50 W. Broad Street, Columbus, OH 43215
Architects/Designers: Schooley Caldwell, MKSK, ZHA Architects (Fairfax, VA); John Behal, Brian Kent Jones, and Gettys Group
Owners/Investors: Tower 10, LLC; Robert Meyers; Autograph Collection Hotels (Marriott International); Kaufman Development
The LeVeque Tower has been an iconic building in Columbus for the past 90 years. Completed in 1927, the AIU Citadel was designed to be 6” taller than the Washington Monument. By the early 2000s, the building was partially vacant and needed significant upgrades. This project, which utilized both state and historic tax credits, has resulted in the complete rehabilitation of the building, and reuse as a luxury hotel, office space, apartments and condominiums.
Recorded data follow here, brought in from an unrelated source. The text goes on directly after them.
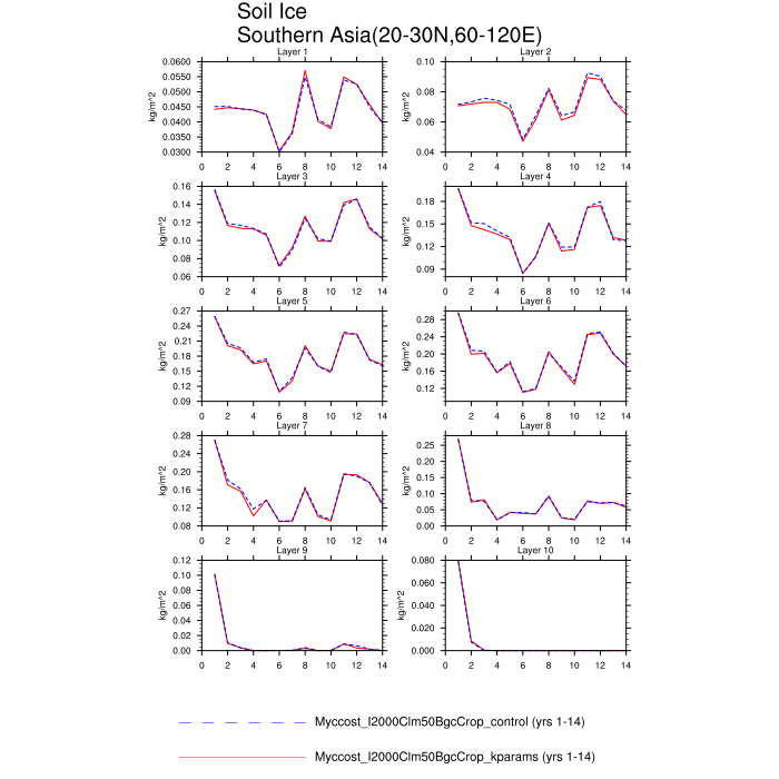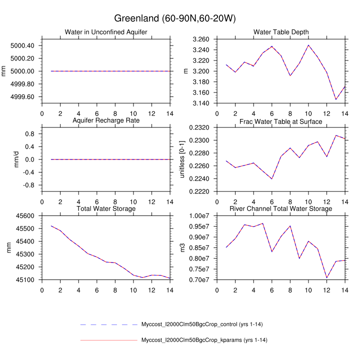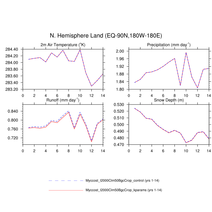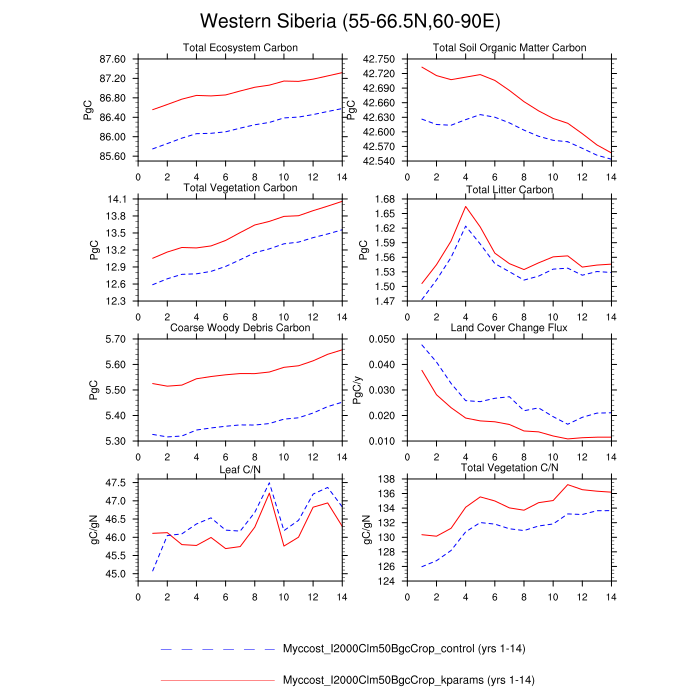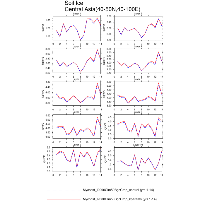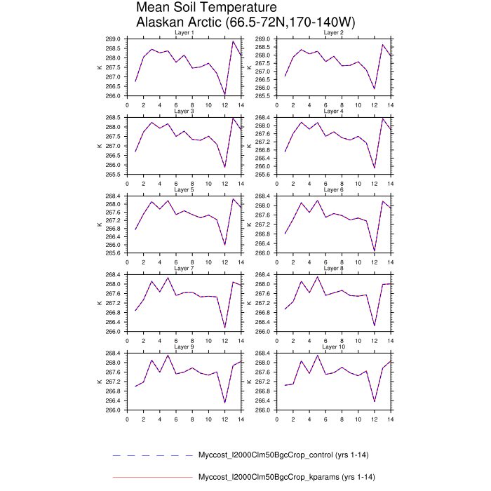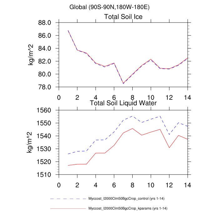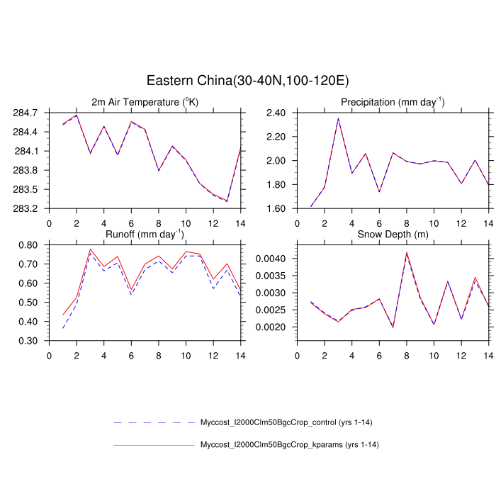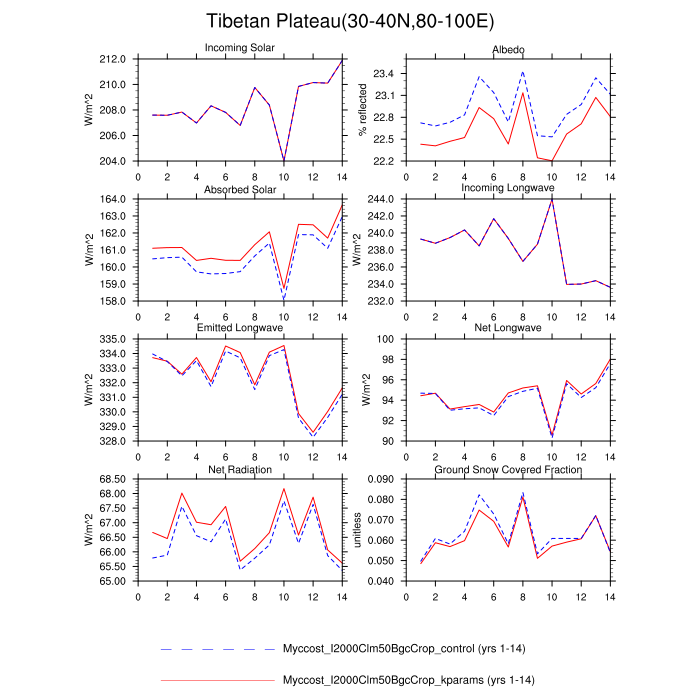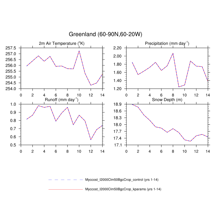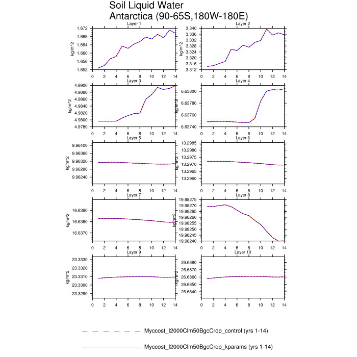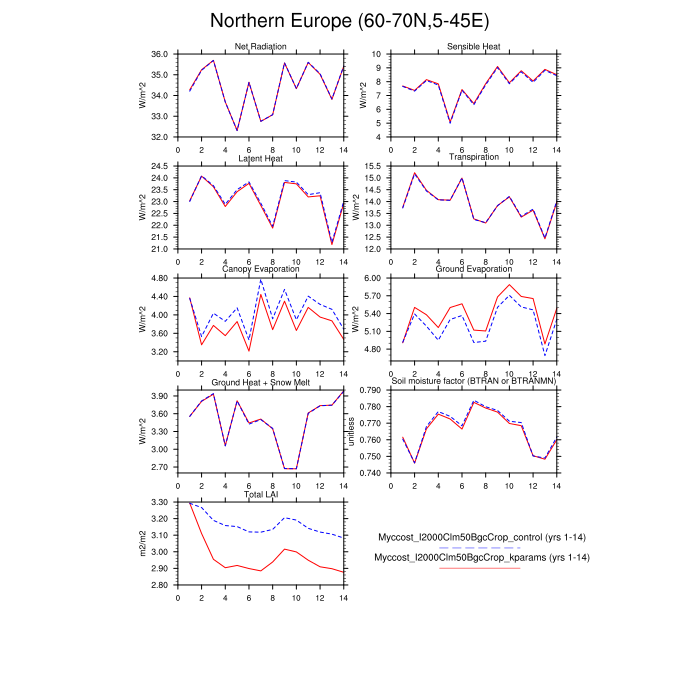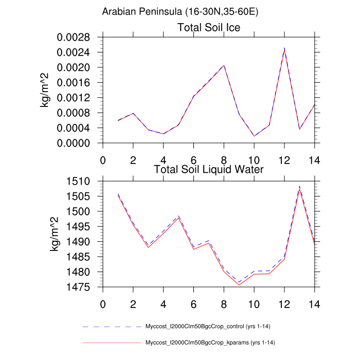 Set 6 Description: Line plots of annual trends in regional soil water/ice and temperature, runoff, snow water/ice, photosynthesis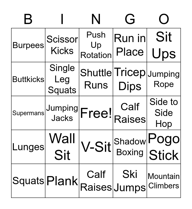 This bingo card has a free space and 24 words: Wall Sit, Plank, Shuttle Runs, Squats, Sit Ups, Burpees, Buttkicks, Scissor Kicks, Calf Raises, V-Sit, Tricep Dips, Supermans, Shadow Boxing, Pogo Stick, Single Leg Squats, Ski Jumps, Side to Side Hop, Push Up Rotation, Jumping Rope, Jumping Jacks, Mountain Climbers, Lunges, Run in Place and Calf Raises.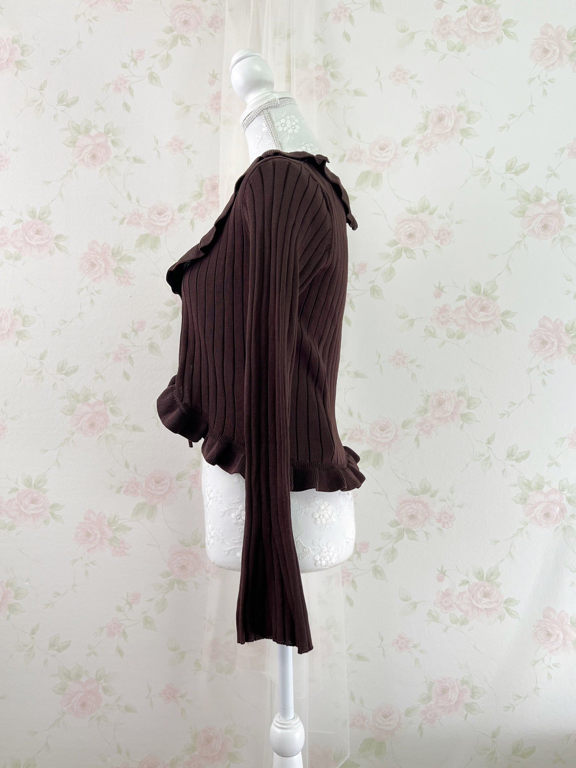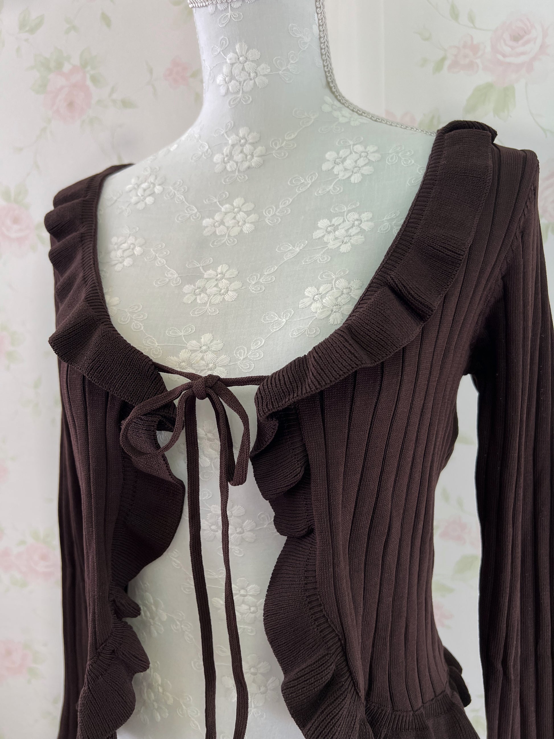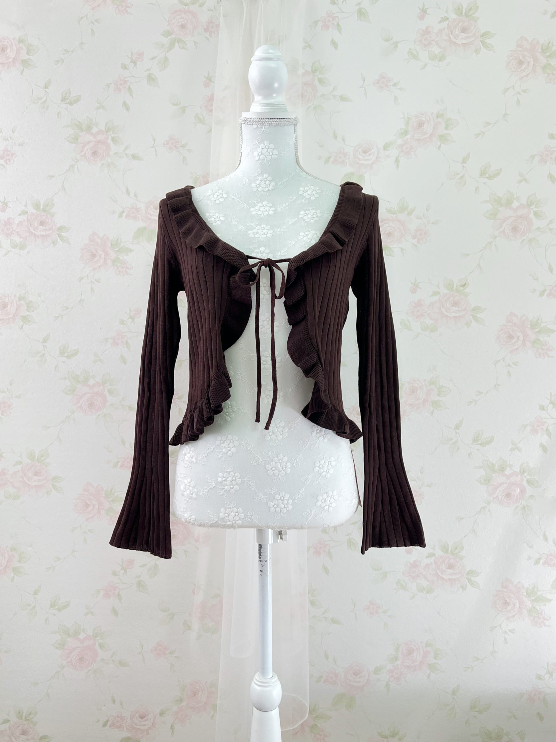 Clear Wide Sleeved Ruffled Cardigan (Chocolate)

The historic exterior was enhanced with reopened entrances with new canopies and landscaping while the interior historic lobby features were retained and a two-story lobby created for the hotel. All finishes are of the highest quality. This project places the LeVeque Tower back on the map as the center jewel of Columbus’s skyline.
96 S. Grant Ave.
Columbus, OH 43215
Architect/Designer: Schooley Caldwell, GUND Partnership (Cambridge, MA), MKSK
Owner: Columbus Metropolitan Library
The historic Carnegie Building was built for the Columbus Metropolitan Library in the first decade of the 20th century. Now, the building has undergone a major renovation that has resulted in a forward-looking 21st century library. Both the historic building and the rear wing (added in the early 1990s) have been reconfigured to create light-filled open spaces, study areas, community meeting rooms, areas for children and teens, and the Carnegie Café. Among the biggest changes are the flexible two-story reading room overlooking the Topiary Park, which can be reconfigured for large-scale library events; and the landscaped terrace and access to the Topiary Park. It is a worthy flagship library for one of the consistently top-rated library systems in the nation.
738 Bryden Road
Columbus, OH 43205
Architect/Designer: WSA Studio
Owner: Solihull Development Group
This Second Empire structure was used as a dormitory for the Columbus School for Girls (CSG), which was located next door before its move to Bexley in 1950. The building had a variety of uses over the last 67 years, including a halfway house and nearly a decade standing vacant. The deteriorated building has been sensitively rehabilitated for apartments. One of the distinctive features in the building is a surviving mural painted by Columbus artist, Russell “Smoky” Brown. Brown, a self-taught artist lived in the building for a time and filled the building’s walls with murals, but only one mural had survived by the time the building underwent rehabilitation. The porch was reconstructed based on historic photos and the combination of historic exterior and both historic and contemporary interior features make this a successful project in the Bryden Road Historic District.
65 S. Fourth St.
Columbus, OH 43215
Owner: YWCA Columbus
The YWCA just completed a $25 million-dollar renovation of its 1929, historic Griswold Memorial Building. The building houses a residency program for women with women with mental illnesses who have suffered from chronic homelessness, domestic abuse, and often addiction. The renovation upgraded the formerly cramped, dorm-style rooms to larger efficiency apartments, each with its own kitchen and bathroom. The number of women affected by homelessness and mental illness is growing, and so, too, has the residency program; expanding to accommodate 91 women, instead of the 60 it housed before the renovation. The project utilized historic and low-income tax credits and adapted the former pool to a special events area and the former basketball court as an open office area for core services provided to the residents. This building is now poised to help the YWCA reach its ultimate goal of teaching women self-sufficiency for life outside the building.